Староста долго думал и, вздохнув, сказал:
-- Я отпущу, мне что ж, только вот что: десяточку вы мне уплатите.
Матушка всплеснула руками.
-- Да где же нам взять-то, батюшки вы мои? десяточку! Да что ты, дядя Тимофей, сказал-то?
-- Это десятку тебе, да на пачпорта, да на дорогу, много денег нужно, -- угрюмо проговорил отец.
-- Это ваше дело, ваша и забота, а без того я отпустить не могу. Сами посудите, вы хорошо знаете, сколько за вами? да вот к новому году еще прибавится. Когда мне их с вас выручать-то?
Староста встал с места и стал надевать шапку.
-- Нам десятки негде взять, -- проговорила мать, -- хоть живых в землю закопай.

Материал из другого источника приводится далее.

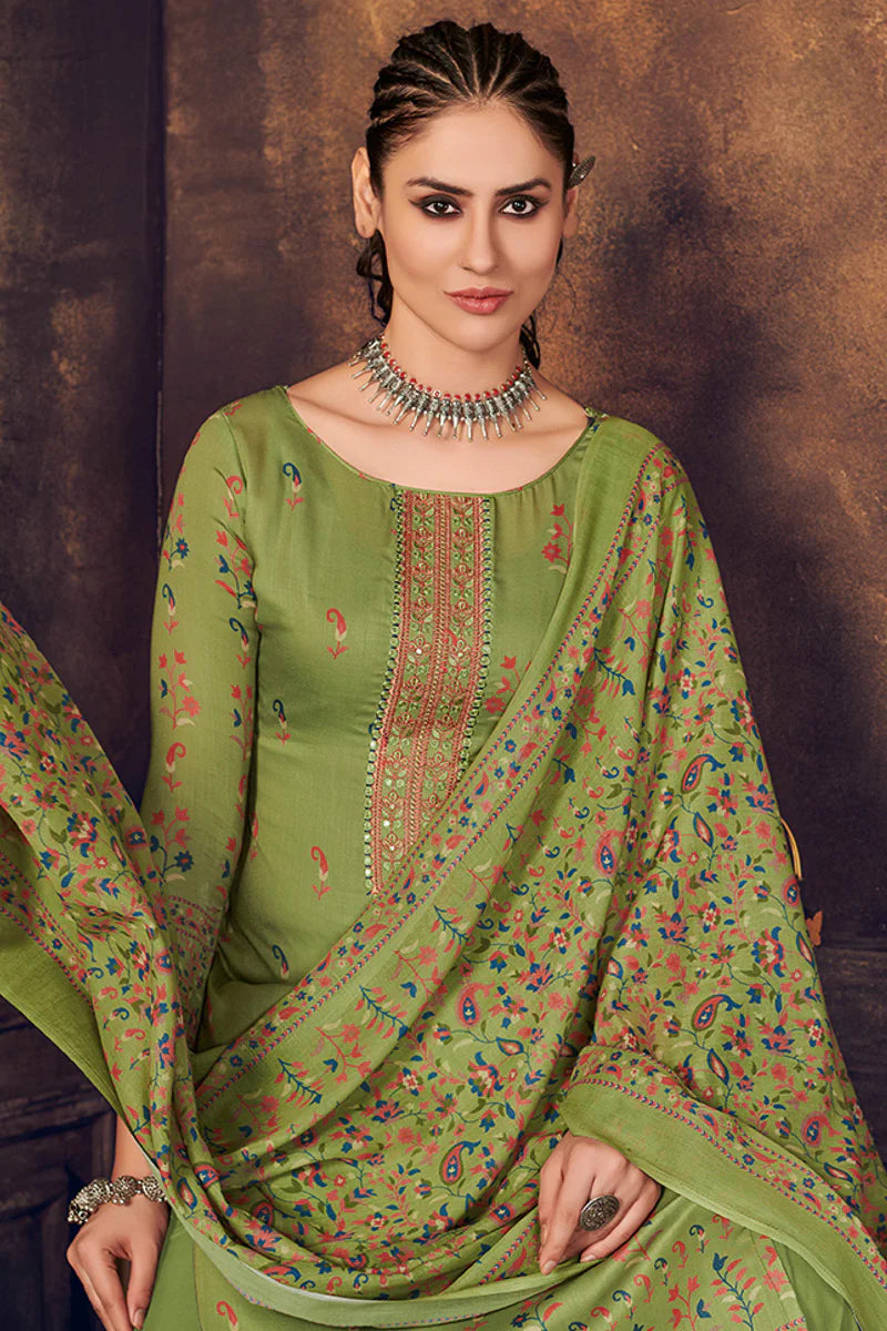 Attractive Cotton Fabric Green Color Digital Printed Palazzo Suit

-- Поищите, може, найдете, -- вымолвил староста и вышел из избы.
Дело нужно было решать, и этому помогла бабушка. У нас было две овцы и четыре ягненка. Мать лелеяла думку -- зарезать ягнят и из овчин сшить мне шубу. У меня еще до сих пор не было теплой одежонки. Когда же решили отцу с матерью ехать в Москву, тогда надумали продать и больших овец, а вырученные деньги употребить отцу с матерью на паспорта да на дорогу. Бабушка сказала, коли продавать, так всех овец продавать, старых и молодых, а чтобы не обидеть меня, то мне на шубу уступила свою старую шубенку.
-- Ну, а как же ты-то? -- сказала матушка.

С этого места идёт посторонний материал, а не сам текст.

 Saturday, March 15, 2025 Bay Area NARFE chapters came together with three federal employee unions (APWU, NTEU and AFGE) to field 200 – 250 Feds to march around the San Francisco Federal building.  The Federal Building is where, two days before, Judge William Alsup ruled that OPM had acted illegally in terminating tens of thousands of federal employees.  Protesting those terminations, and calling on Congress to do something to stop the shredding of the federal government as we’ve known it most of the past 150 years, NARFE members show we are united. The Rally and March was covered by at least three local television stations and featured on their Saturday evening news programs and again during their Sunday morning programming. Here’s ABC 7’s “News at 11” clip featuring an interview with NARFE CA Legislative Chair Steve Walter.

-- Ну, а я кое в чем пробьюсь.
Отец с матерью не сразу согласились на это, но бабушка настойчиво разъяснила им, что это самое хорошее дело, и убедила их. И как только в деревне появился мясник, так наши показали ему овец и продали их; продали также и бывшего у нас теленка.
-- Ну, вот, так-то лучше, -- сказала бабушка, поглядывая на оставшихся у нас всего-навсего двух животов и криво усмехаясь, -- и забот меньше: ходи тут за ними, зиму-зимскую-то, а то со двора долой и из сердца вон!

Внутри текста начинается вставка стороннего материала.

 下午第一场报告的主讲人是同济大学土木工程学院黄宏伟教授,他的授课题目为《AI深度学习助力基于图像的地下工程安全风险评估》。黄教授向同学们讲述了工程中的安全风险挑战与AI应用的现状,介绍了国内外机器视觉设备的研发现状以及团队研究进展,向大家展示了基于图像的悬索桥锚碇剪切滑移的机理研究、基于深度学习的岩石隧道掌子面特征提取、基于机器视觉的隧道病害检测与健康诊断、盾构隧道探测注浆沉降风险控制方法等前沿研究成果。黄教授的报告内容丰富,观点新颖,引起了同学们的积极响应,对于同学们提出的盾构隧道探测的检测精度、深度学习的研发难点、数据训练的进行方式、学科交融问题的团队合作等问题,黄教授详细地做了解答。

Из вырученных денег снесли пять рублей старосте; староста хотя и поломался, но и за пятерку дал отпуск. Тогда наши стали справляться в Москву,
Было осеннее утро. Я крепко спал и не думал еще подыматься. Вдруг слышу, как меня кто-то дергает; я открыл глаза, вскочил на месте и стал протирать глаза. Передо мной стояла мать. Она была обувшись, одевшись, голова была повязана теплым платком. Голосом, и нежным и грустным, она говорила:
-- Степа! а, Степа! Вставай прощаться, мы сейчас уйдем.
Мне стало и грустно и жалко расставаться с матерью. Я взглянул на отца, тот подтягивал кушаком недавно выкупленную поддевку. На приступке лежала котомка. Бабушка стояла у простенка и глядела печальными глазами, как наши собирались в путь.
-- Смотри, Степочка, -- сказала мать, -- не балуйся тут, пособляй бабушке в сарай ездить, за водой; береги тут ее, слушайся, на улице не озорничай; приведет бог устроиться нам, гостинца тебе будем присылать.
Я ничего не сказал. Матушка обернулась к отцу и проговорила:
-- Ну, совсем ты?
-- Совсем.
-- Ну, давай богу молиться. Господи благослови!
Все стали перед иконами и начали молиться. Затем отец поклонился бабушке и проговорил:
-- Ну, матушка, прости, Христа ради.
-- Бог простит, бог благословит, дай бог час!
И бабушка поцеловалась с отцом, потом она попрощалась с матерью. Отец подошел ко мне и тоже поцеловался. Матушка обняла меня и прослезилась.
-- Ну, сынок, помни, что я тебе наказывала.
Я заревел. Наши вышли из избы, бабушка пошла провожать их; когда она вернулась, я не помню, так как опять уснул.
XI
Осень подходила к концу. Деревья все уже почти оголились, скотину перестали гонять в стадо; стояли заморозки; бледное, холодное, точно оно вылиняло за лето, солнце выглядывало редкий день. Больше ходили облака, и шумел ветер. Ветер при небольшом морозе нагонял столько холоду, что не хотелось выходить на улицу, и я не выходил, пока мне не справили одежину.